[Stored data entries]
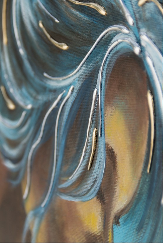 Ručně zdobené reliéfními pryskyřičnými detaily, zlatými a stříbrnými listy na plátěné struktuře.
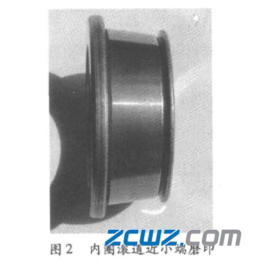 當(dāng)時也是軸承經(jīng)過運(yùn)行不到200個小時,軸承就損壞了,當(dāng)時進(jìn)行拆套后也是發(fā)現(xiàn)軸承外圈、保持架均完好無損壞,但是滾子靠近小頭的工作表面沿圈周圍方向有不同程度的剝落(如圖1),同時內(nèi)圈滾道靠近小端面油溝處沿圓周方向也存在一條磨印(如圖2)。
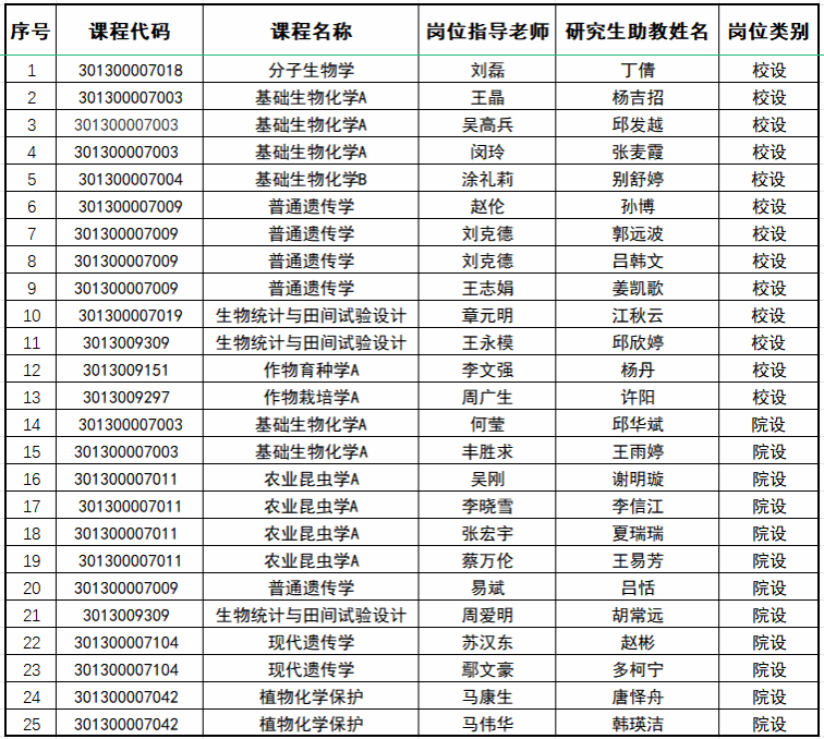 根据《英国365集团研究生“三助一辅”实施办法》的通知(校发{2023}157号)文件精神,经个人申请与课程主讲教师推荐,学院结合岗位需求对申请材料进行审核,拟聘用以下本科生课程研究生助教同学,现将名单公示如下:
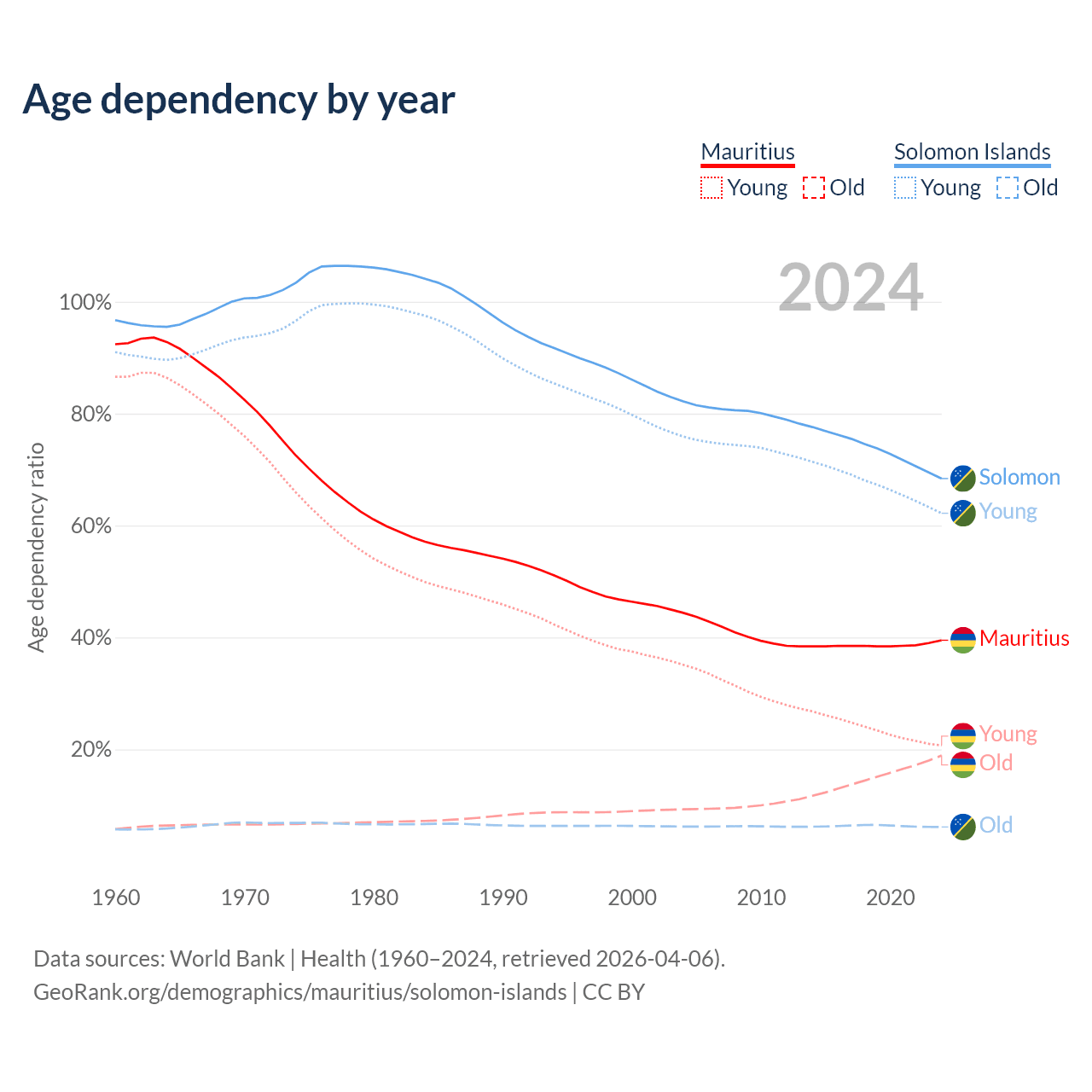 - Mauritius is ranked 57/196 by median age (oldest to youngest) vs 153/196 for the Solomon Islands.
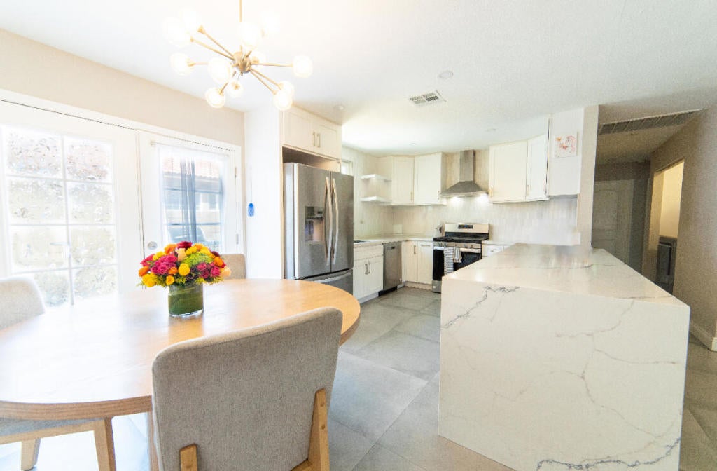 **SHORT SALE** Discover an exceptional residence in La Quinta Cove, thoughtfully updated to reflect contemporary elegance. This inviting home boasts an open-concept design featuring three generous bedrooms and two meticulously crafted bathrooms.The heart of the home is a modern kitchen, showcasing sleek cabinetry, exquisite quartz countertops and a stylish backsplash, ideal for those who love to cook. Throughout the interior, new tile flooring enhances the luxurious feel, while the bathrooms are designed with tasteful finishes.Beautifully landscaped front and back yards, recently painted exterior, newly installed irrigation system for effortless upkeep. Additional highlights include an indoor laundry area and a two-car garage outfitted with new epoxy flooring, a new garage motor and a convenient roll-up door.Perfectly situated just moments from hiking trails, Old Town La Quinta, the Polo Grounds, shopping venues, and schools, this property offers both convenience and charm. The seamless connection between the kitchen and a cozy designer fireplace creates an ideal space for entertaining.Whether you're looking for a family home, a vacation getaway, or a lucrative investment opportunity, this remarkable property is one you won't want to miss!

◆ **EXERCISE**:
Please give again only the lines from the one containing "- Mauritius is" through the last line of the entries above, exactly as they stand and without pictures.

◆ **TASK OUTPUT**:
 - Mauritius is ranked 57/196 by median age (oldest to youngest) vs 153/196 for the Solomon Islands.
 **SHORT SALE** Discover an exceptional residence in La Quinta Cove, thoughtfully updated to reflect contemporary elegance. This inviting home boasts an open-concept design featuring three generous bedrooms and two meticulously crafted bathrooms.The heart of the home is a modern kitchen, showcasing sleek cabinetry, exquisite quartz countertops and a stylish backsplash, ideal for those who love to cook. Throughout the interior, new tile flooring enhances the luxurious feel, while the bathrooms are designed with tasteful finishes.Beautifully landscaped front and back yards, recently painted exterior, newly installed irrigation system for effortless upkeep. Additional highlights include an indoor laundry area and a two-car garage outfitted with new epoxy flooring, a new garage motor and a convenient roll-up door.Perfectly situated just moments from hiking trails, Old Town La Quinta, the Polo Grounds, shopping venues, and schools, this property offers both convenience and charm. The seamless connection between the kitchen and a cozy designer fireplace creates an ideal space for entertaining.Whether you're looking for a family home, a vacation getaway, or a lucrative investment opportunity, this remarkable property is one you won't want to miss!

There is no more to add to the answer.